Les années passant, le service s’est trouvé face aux exigences du Ministère de la Justice, qui conditionnaient les subsides à l’action à la suite d’une procédure judiciaire. Á partir d’octobre 2001, il concentre ses interventions sur les dossiers émanant d’un juge (tribunal correctionnel, tribunal de la jeunesse, tribunal civil, cour d’appel, médiation pénale, juge d’instruction…). Le service veille alors à respecter le cadre de travail fixé et les démarches judiciarisées saturent sa capacité d’accueil. Finis les dossiers « à l’amiable ».

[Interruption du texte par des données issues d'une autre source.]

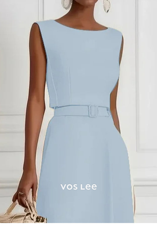 Sky Blue A-Line Empire Waist Scoop Tea-Length Wedding Guest Dresses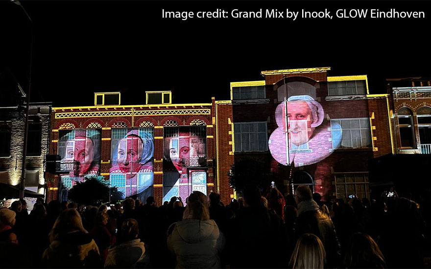 Ending the year was GLOW Festival in Eindhoven, where we supported three artists with solutions that included RGB pure laser projectors, Pandoras Box, and Terra®. Working with our partner Sahara Benelux, digital design agency Inook transformed Wilhelminaplein with projection-mapped faces from the Rijksmuseum collection of art, and artists Dirk van Poppel and Michel Suk lit up three trucks with trailers in a tribute to the local DAF factory. Lastly, students from Design Academy Eindhoven transformed an outdoor space into a fictional company that blurred the lines between fiction and reality.
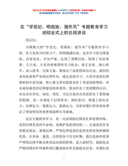 / 在“学党纪、明规矩、强作风”专题教育学习班结业式上的总结讲话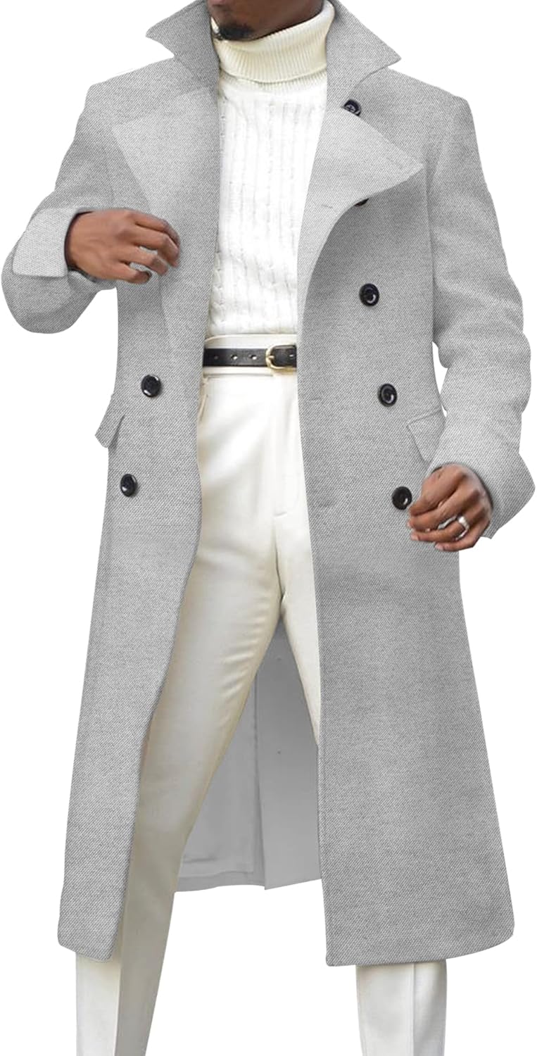 Men’s Notch Lapel Double Breasted Long Trench Coat Casual Cotton Blend Peacoat

Mais récemment, l’attribution du secteur aux Régions, dans leur volet « action sociale », a re-transformé les missions (voir encadré). Elles sont restées identiques pour tous, comme l’enveloppe budgétaire qui leur est dévolue d’ailleurs, mais ont été élargies à toute demande. Une situation qui fait espérer du côté de Mons que l’on réévalue le financement après un an, en fonction de la masse de travail. En outre, si ces transformations des missions et des financements proviennent essentiellement des aléas politiques, elles ne sont cependant pas sans conséquences sur les réflexions internes à l’équipe. L’aide contrainte, en quelque sorte, est au cœur des discussions.